The improved financial state of Social Security and Medicare has failed to quiet Bush administration calls for reforms or Democrats' fears that the surpluses in the retirement programs might be used to fund the president's proposed tax cuts.

If anything, a government report yesterday extending the solvency of the two programs has intensified the debate.

"We have to make hay while the sun shines," said Sen. Chuck Grassley, R-Iowa, backing the president's call for sweeping overhaul of the programs despite reports extending the dates they'll run out of cash. "We should build on the progress we've made," said Senate Minority Leader Tom Daschle, D-S.D. "Unfortunately, President Bush's budget does the exact opposite."

Ongoing debate: The debate continues today with a joint House and Senate hearing on the trustees' report. Social Security's trust funds won't run out of cash until 2038, a year later than earlier estimated; the Medicare hospital trust fund won't be exhausted until 2029, a four-year extension from last year's estimate, said the trustees, who include three Bush cabinet members.

However, the programs, now running huge surpluses, face financial trouble with the pending retirements of the baby boom generation -- Americans born between 1946 and 1964.

The president wants Congress to ensure the programs' financial health by bringing in private competition. In particular, Bush wants his long-term overhaul to prevail over efforts to add a politically popular prescription drug benefit for all of Medicare's 39 million elderly and disabled recipients without revamping the underlying program.

No 'radical' changes: Sen. Edward Kennedy, D-Mass., a top Democrat on the Senate Health, Education, Labor and Pensions committee, said the currently flush program can sustain new drug coverage for all participants this year without "radical changes to the underlying Medicare program."

"If we enact vast tax cuts before a budget is in place then we risk not having the resources there for Social Security when it needs them the most," said Rep.
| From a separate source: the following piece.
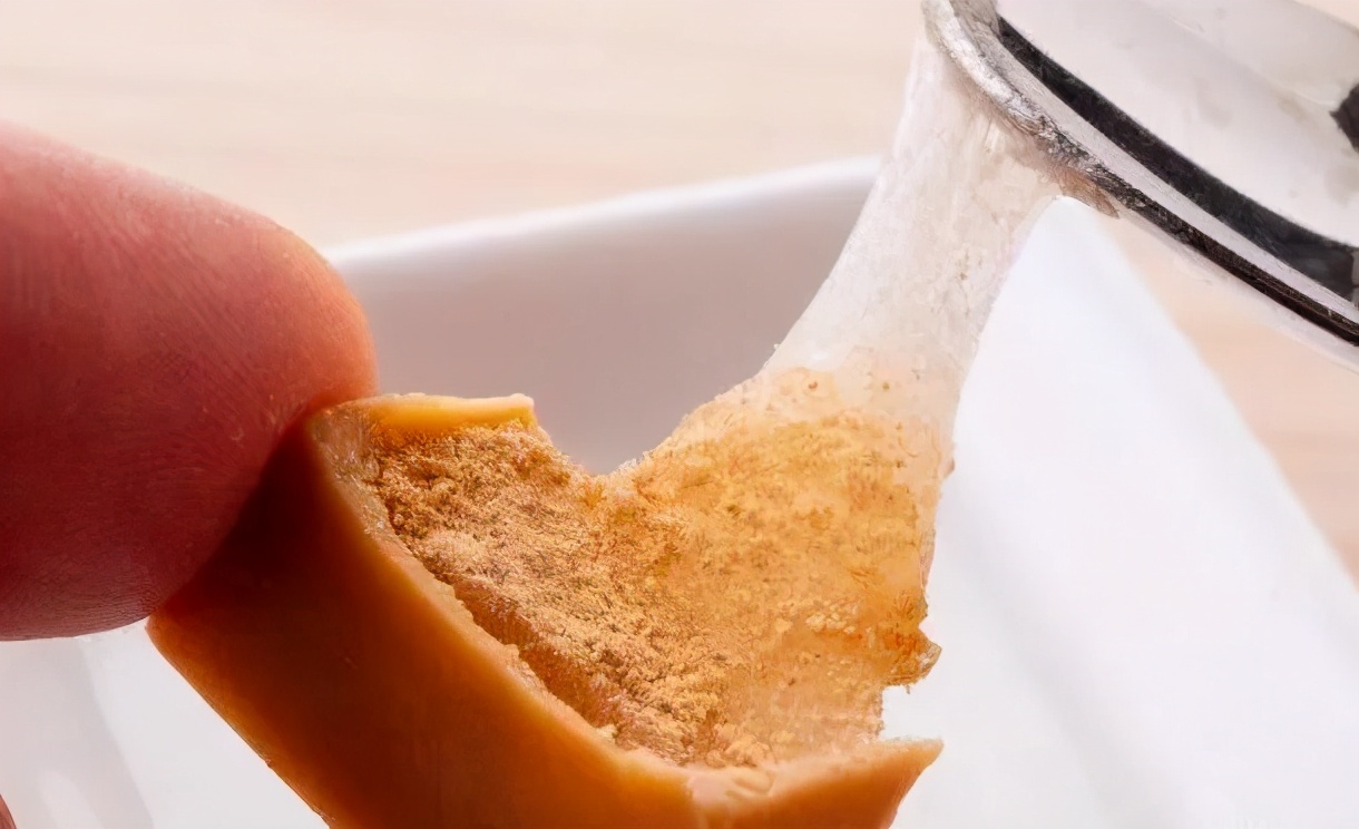 和麻将牌差不多的大小,但是吃起来却很惊喜,外层是浓郁的黄豆粉味巧克力,一咬开就能感受到里面软软糯糯的年糕夹心,QQ弹弹得很有嚼劲,满口都是香醇的黄豆粉气息。
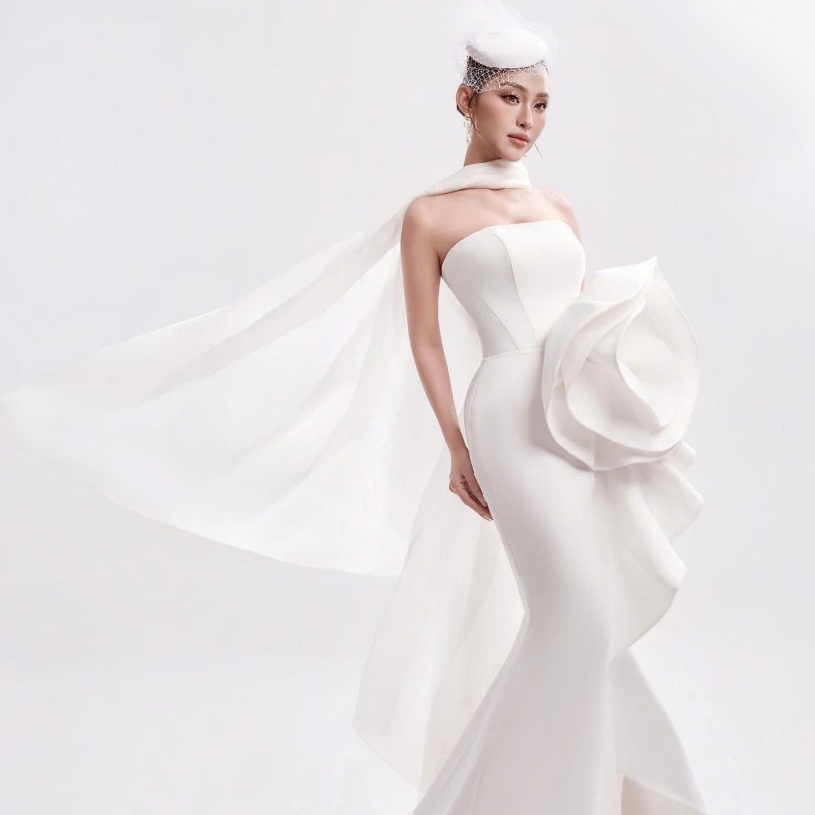 Phần corset xuyên ren được dựng phom tỉ mỉ trong hàng chục giờ liền, nâng đỡ vóc dáng nàng dâu, để mỗi chuyển động đều hiện lên như một điệp khúc dịu dàng .

Charles Rangel, D-N.Y, the top Democrat on the tax-law-writing House Ways and Means Committee.

Both Social Security and the Medicare hospital trust fund will start taking in less in payroll taxes than they can pay out in benefits beginning in 2016, dipping into the trust funds.

But for the fourth consecutive year, the trustees' report extended the dates in which they would run out of cash entirely.

The non-hospital part of Medicare is financed by beneficiary payments and general tax revenues.

Economic problems: The vibrant economy that allowed for the growth, however, now is sputtering. The slowdown, coupled with rapidly rising health care costs, prompted a challenge to Congress.

"It's time to quit the posturing and time to reform the systems," the president said yesterday.

He wants sweeping changes that would give Medicare recipients choices that include private medical insurance with premiums paid by the government. Such competition would save the government money and offer participants new benefits that Medicare currently doesn't offer.

Bush says an immediate drug benefit for the program's neediest seniors could come out of current surpluses until Congress enacts changes the program to include the competition with private plans that offer prescription drug coverage.

Social Security, which pays a guaranteed benefit to 45 million Americans each month, can be protected from financial doom by personal investment accounts, Bush has said. The plan, which would encourage workers to buy stocks and bonds to build up their retirement nest eggs, will be studied in the next few months by a task force Bush is creating.

Pending that report, Congress is not likely to act anytime soon on Social Security, which is meant to provide for retirees, the permanently disabled and survivors of workers who die young.